* **Activity**: Return the data exactly, without pictures.

* **Recorded data**:

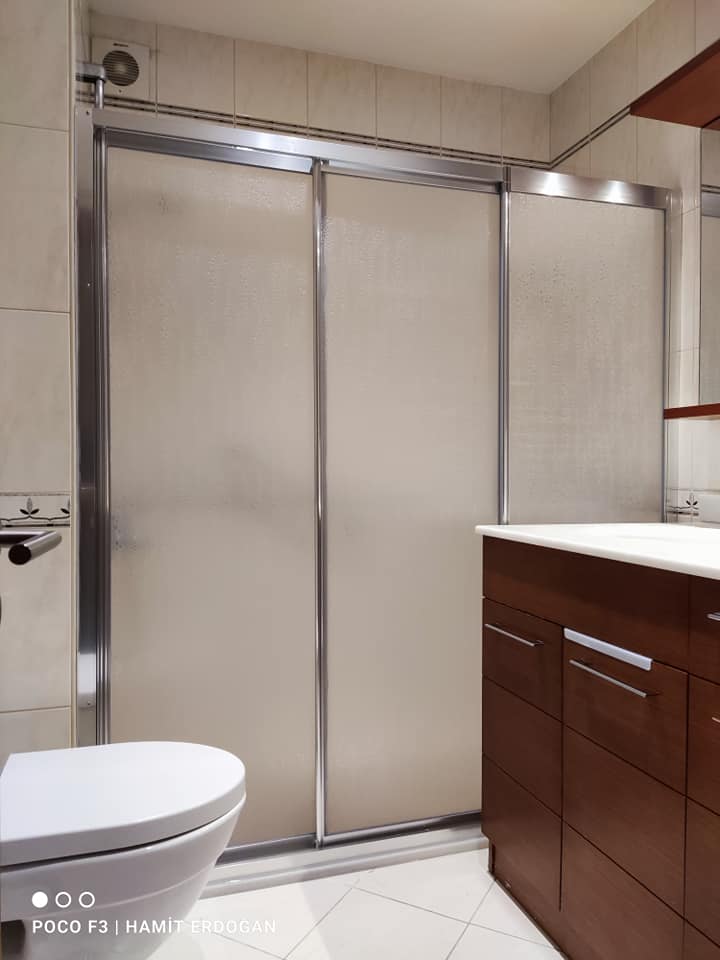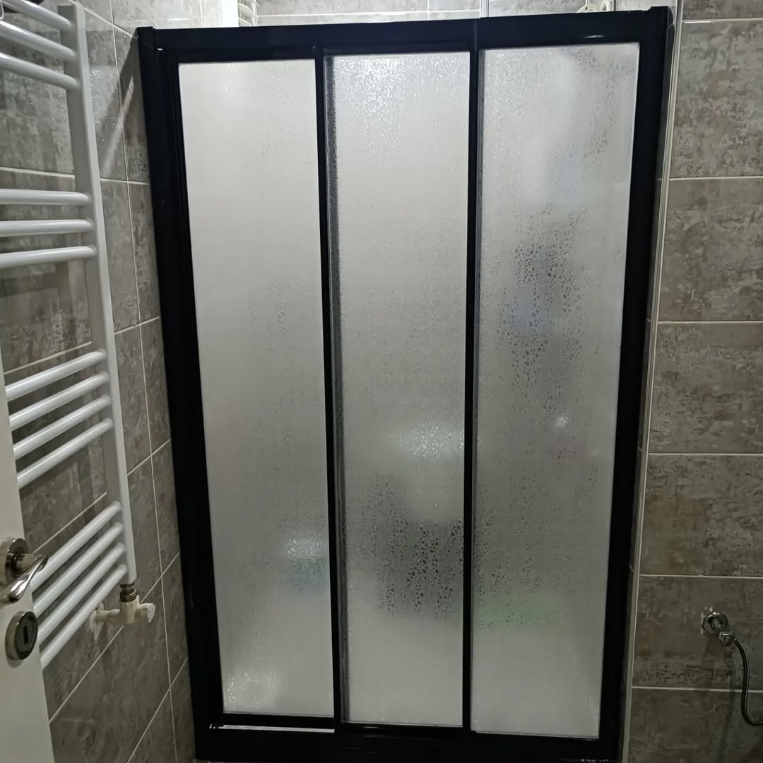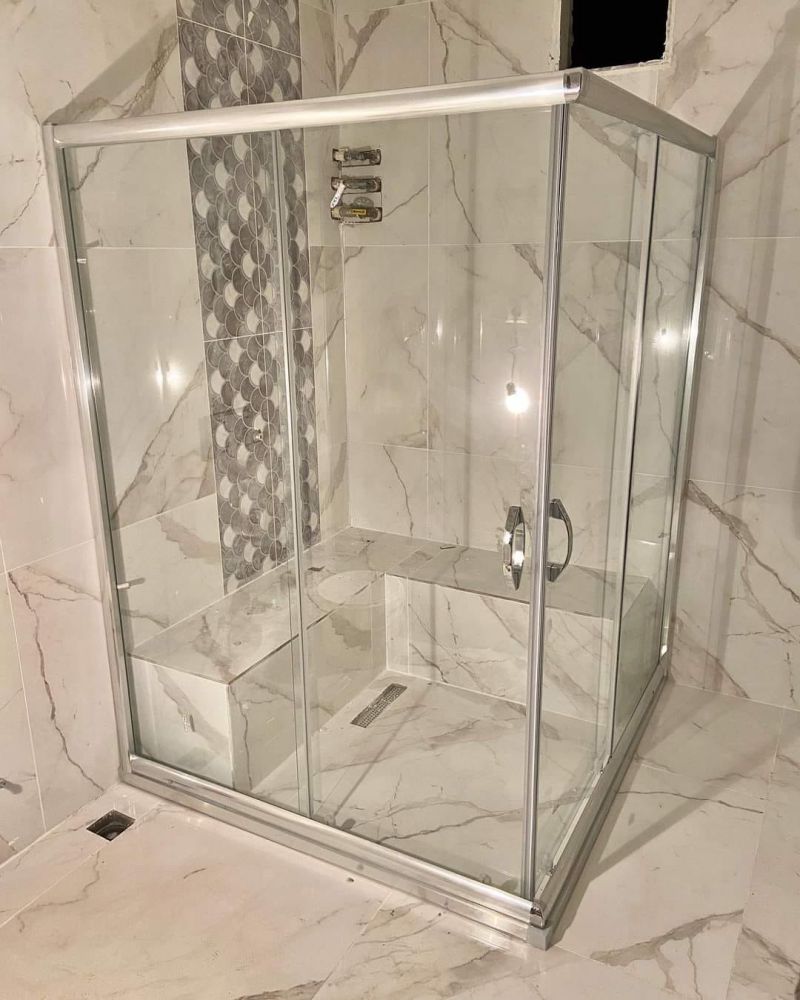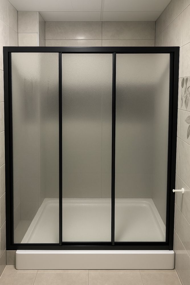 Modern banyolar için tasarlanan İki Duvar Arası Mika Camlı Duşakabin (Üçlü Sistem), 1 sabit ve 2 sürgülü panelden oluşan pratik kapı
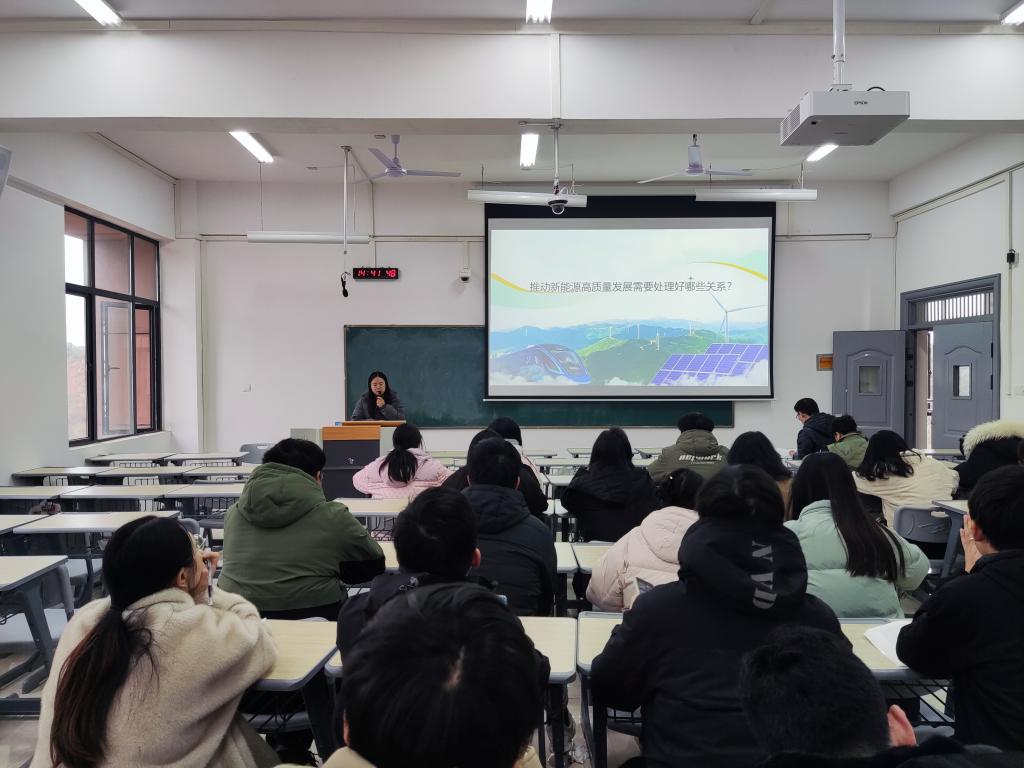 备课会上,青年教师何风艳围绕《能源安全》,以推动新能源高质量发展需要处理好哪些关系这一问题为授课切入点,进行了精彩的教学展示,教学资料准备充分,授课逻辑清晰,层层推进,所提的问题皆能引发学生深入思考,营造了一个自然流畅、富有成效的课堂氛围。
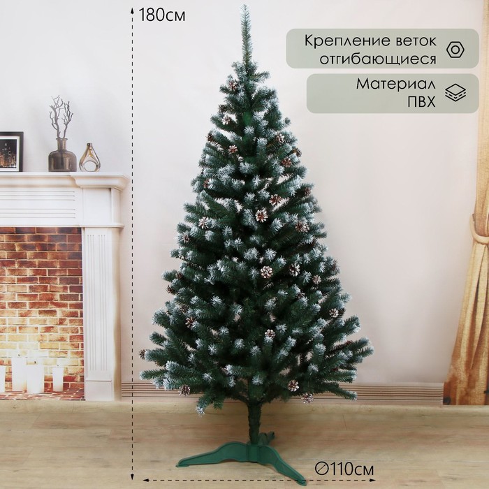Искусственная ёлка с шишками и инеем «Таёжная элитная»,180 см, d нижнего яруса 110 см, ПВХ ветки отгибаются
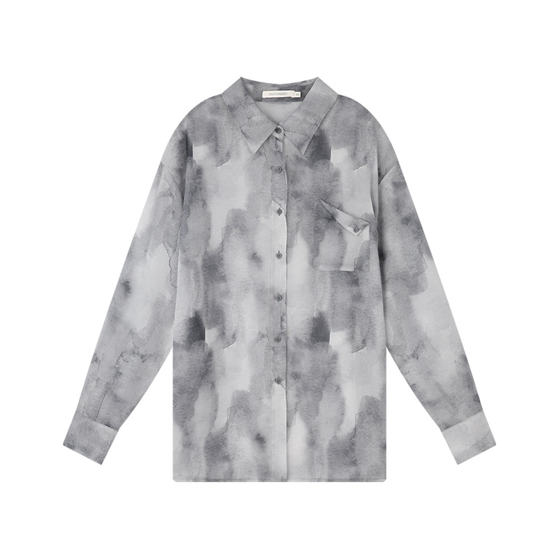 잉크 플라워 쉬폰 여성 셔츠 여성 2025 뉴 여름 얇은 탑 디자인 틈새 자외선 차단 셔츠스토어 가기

* **Answer section**:
 Modern banyolar için tasarlanan İki Duvar Arası Mika Camlı Duşakabin (Üçlü Sistem), 1 sabit ve 2 sürgülü panelden oluşan pratik kapı
 备课会上,青年教师何风艳围绕《能源安全》,以推动新能源高质量发展需要处理好哪些关系这一问题为授课切入点,进行了精彩的教学展示,教学资料准备充分,授课逻辑清晰,层层推进,所提的问题皆能引发学生深入思考,营造了一个自然流畅、富有成效的课堂氛围。
Искусственная ёлка с шишками и инеем «Таёжная элитная»,180 см, d нижнего яруса 110 см, ПВХ ветки отгибаются
 잉크 플라워 쉬폰 여성 셔츠 여성 2025 뉴 여름 얇은 탑 디자인 틈새 자외선 차단 셔츠스토어 가기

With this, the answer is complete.